*INFORMATION SUPPLIED*
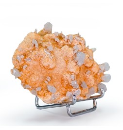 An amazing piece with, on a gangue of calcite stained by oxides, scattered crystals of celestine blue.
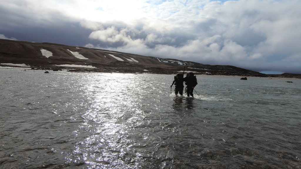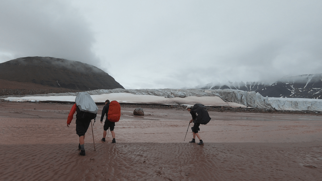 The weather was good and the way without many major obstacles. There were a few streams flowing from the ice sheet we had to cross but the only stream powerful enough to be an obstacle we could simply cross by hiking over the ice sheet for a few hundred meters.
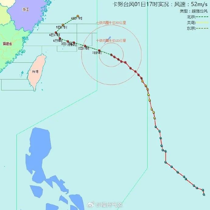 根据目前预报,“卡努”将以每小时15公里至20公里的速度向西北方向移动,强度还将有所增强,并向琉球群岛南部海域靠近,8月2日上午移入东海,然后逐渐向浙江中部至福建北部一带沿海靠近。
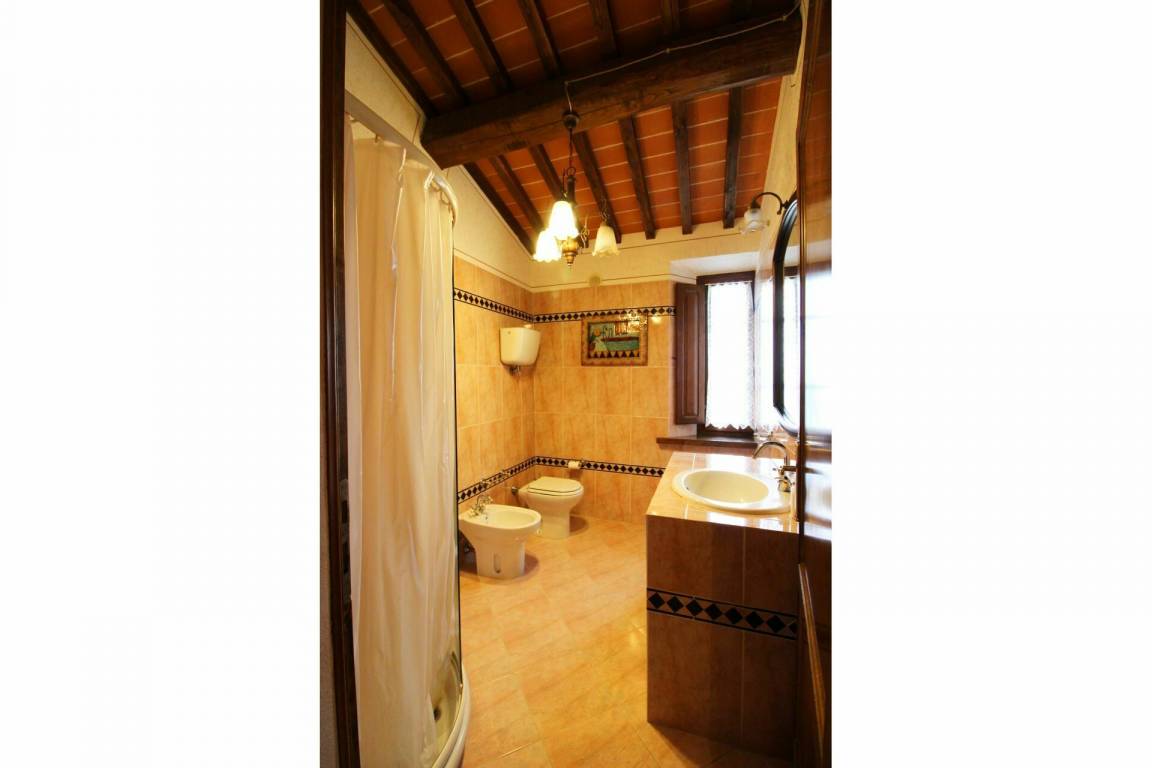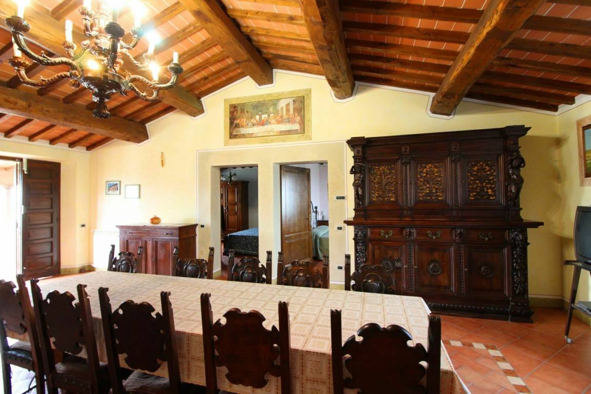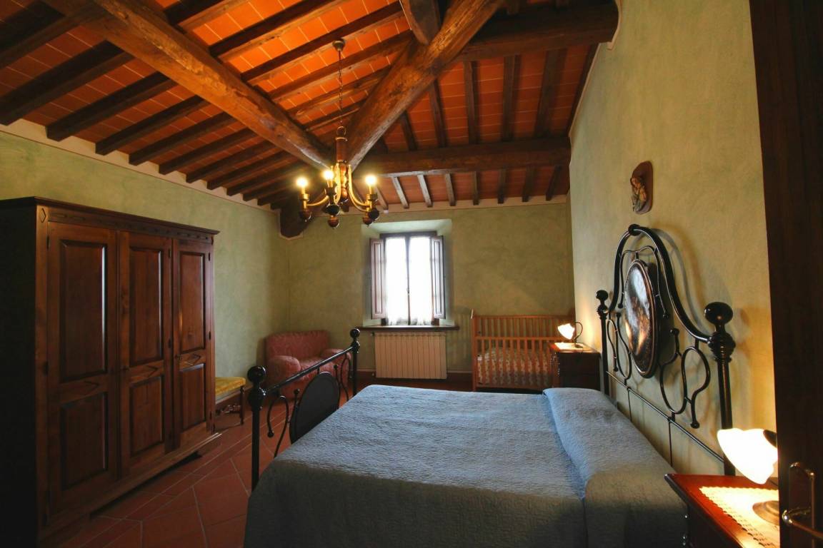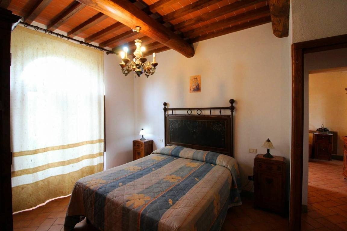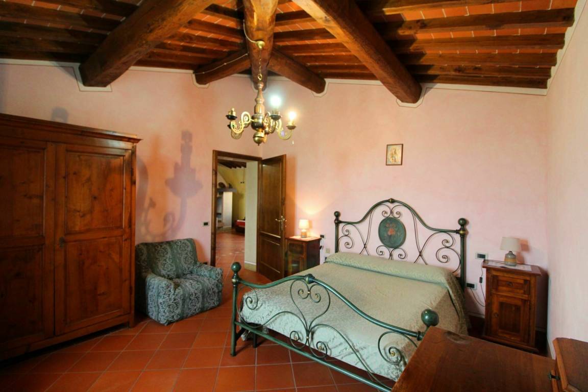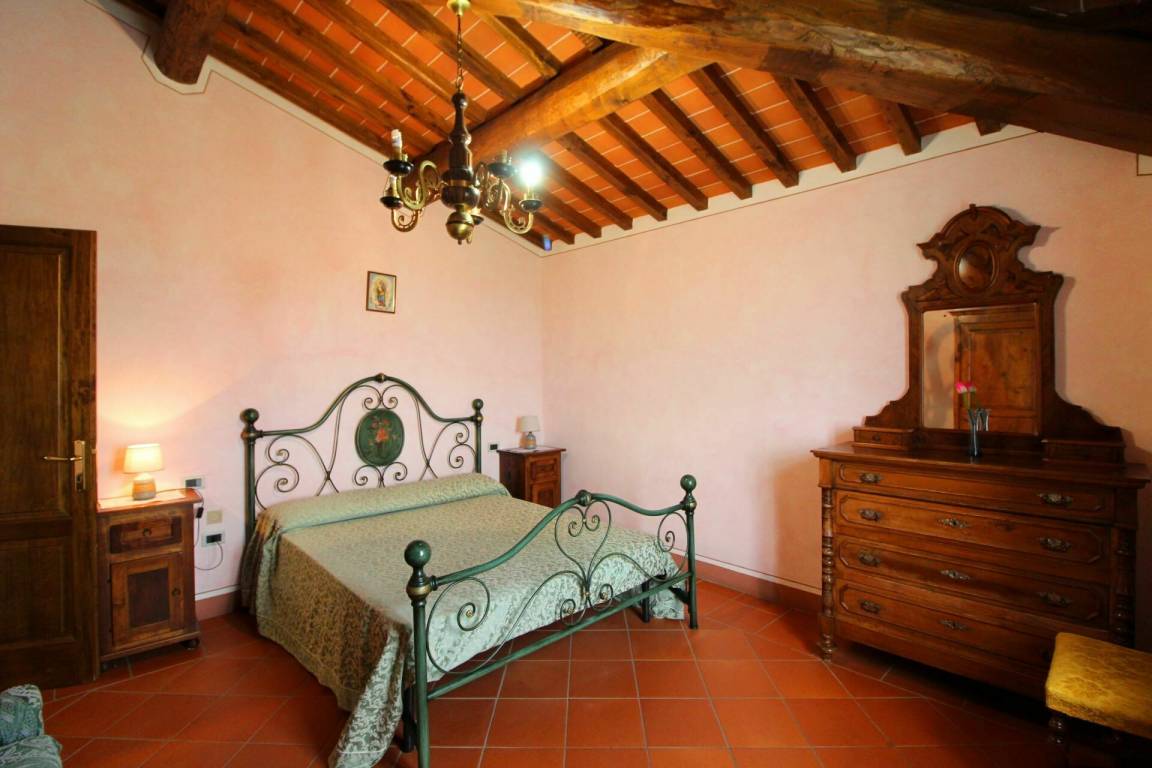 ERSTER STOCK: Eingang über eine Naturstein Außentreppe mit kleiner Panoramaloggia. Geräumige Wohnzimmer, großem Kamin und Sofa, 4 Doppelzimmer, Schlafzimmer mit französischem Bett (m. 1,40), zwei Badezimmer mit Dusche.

*ASSIGNMENT*
Line for line, restate the data above and omit every picture.

*SOLVED PROBLEM*
 An amazing piece with, on a gangue of calcite stained by oxides, scattered crystals of celestine blue.
 The weather was good and the way without many major obstacles. There were a few streams flowing from the ice sheet we had to cross but the only stream powerful enough to be an obstacle we could simply cross by hiking over the ice sheet for a few hundred meters.
 根据目前预报,“卡努”将以每小时15公里至20公里的速度向西北方向移动,强度还将有所增强,并向琉球群岛南部海域靠近,8月2日上午移入东海,然后逐渐向浙江中部至福建北部一带沿海靠近。
 ERSTER STOCK: Eingang über eine Naturstein Außentreppe mit kleiner Panoramaloggia. Geräumige Wohnzimmer, großem Kamin und Sofa, 4 Doppelzimmer, Schlafzimmer mit französischem Bett (m. 1,40), zwei Badezimmer mit Dusche.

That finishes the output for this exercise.